**What the exercise asks:**
The data below should be printed in full, exactly, and without any of its images.

**Extracted material:**

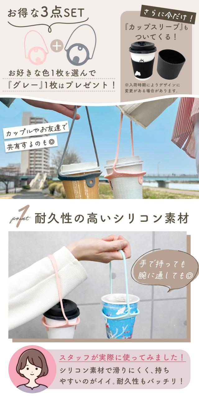 カップホルダー/ドリンクホルダー/3点セット/ホルダー/コンパクト/ベビーカー/コップホルダー/ドリンクカップホルダー/テイクアウト/コンビニコーヒー/コーヒー/持ち歩き/シリコン/ドリンクストラップ/ストラップ/カップストラップ/紐/ひも/ボトルホルダー/かわいい/おしゃれ/テイクアウトドリンク/散歩/外出 お出かけ/アウトドア/スポーツ観戦/ストロー/固定/ビール/ギフト/プレゼント/紙コップ/手持ち/TN-CHDR/
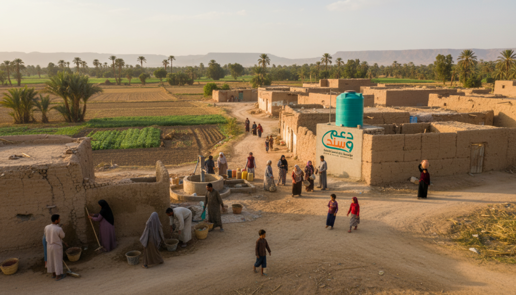 مشروع خزانات نجع حمادي بمحافظة قنا والعمل على توصيل مياه الشرب النقية للمساكن في القرى والنجوع الأشد احتياجاً التي تفتقر للبنية التحتية الأساسية، لضمان حياة صحية وبيئة خالية من الأوبئة.
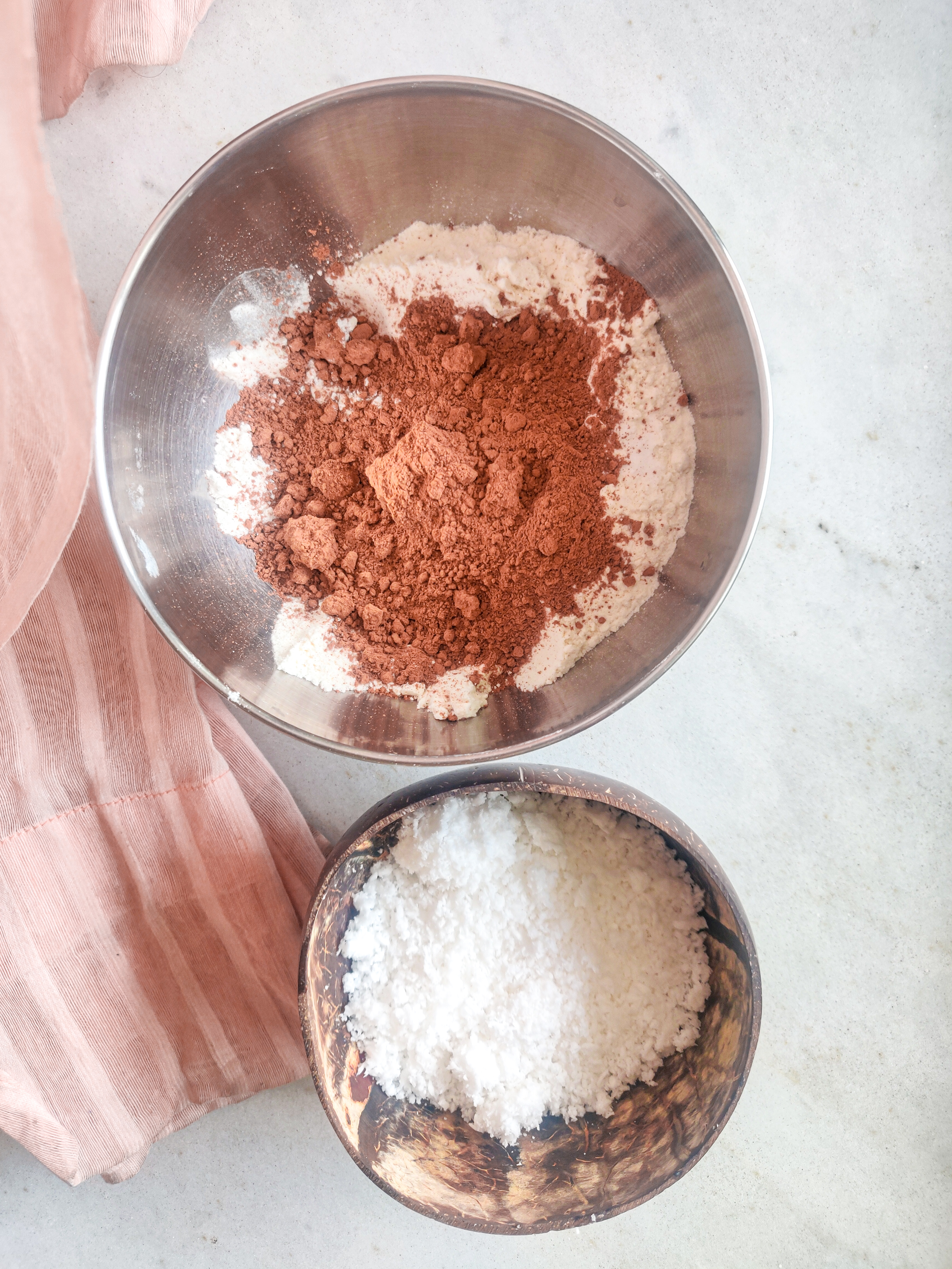 - In a small bowl, sift the flour and cocoa powder. Mix in the salt, baking powder, baking soda and grated coconut
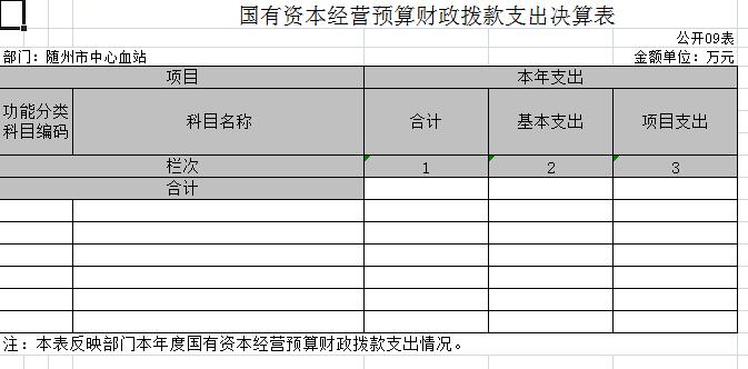 九、国有资本经营预算财政拨款收入支出决算表(公开表09表)
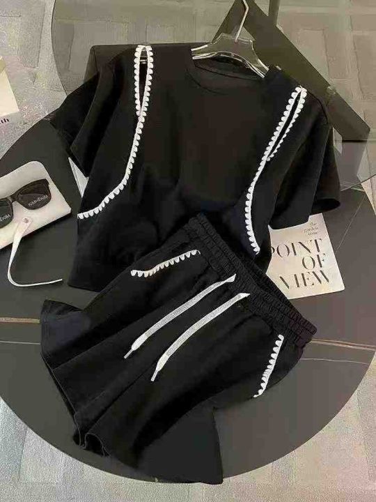 清14.8分货➕12025夏季新款高级感时尚休闲运动套装女设计感短袖短裤两件套...

**Solution:**
 カップホルダー/ドリンクホルダー/3点セット/ホルダー/コンパクト/ベビーカー/コップホルダー/ドリンクカップホルダー/テイクアウト/コンビニコーヒー/コーヒー/持ち歩き/シリコン/ドリンクストラップ/ストラップ/カップストラップ/紐/ひも/ボトルホルダー/かわいい/おしゃれ/テイクアウトドリンク/散歩/外出 お出かけ/アウトドア/スポーツ観戦/ストロー/固定/ビール/ギフト/プレゼント/紙コップ/手持ち/TN-CHDR/
 مشروع خزانات نجع حمادي بمحافظة قنا والعمل على توصيل مياه الشرب النقية للمساكن في القرى والنجوع الأشد احتياجاً التي تفتقر للبنية التحتية الأساسية، لضمان حياة صحية وبيئة خالية من الأوبئة.
 - In a small bowl, sift the flour and cocoa powder. Mix in the salt, baking powder, baking soda and grated coconut
 九、国有资本经营预算财政拨款收入支出决算表(公开表09表)
 清14.8分货➕12025夏季新款高级感时尚休闲运动套装女设计感短袖短裤两件套...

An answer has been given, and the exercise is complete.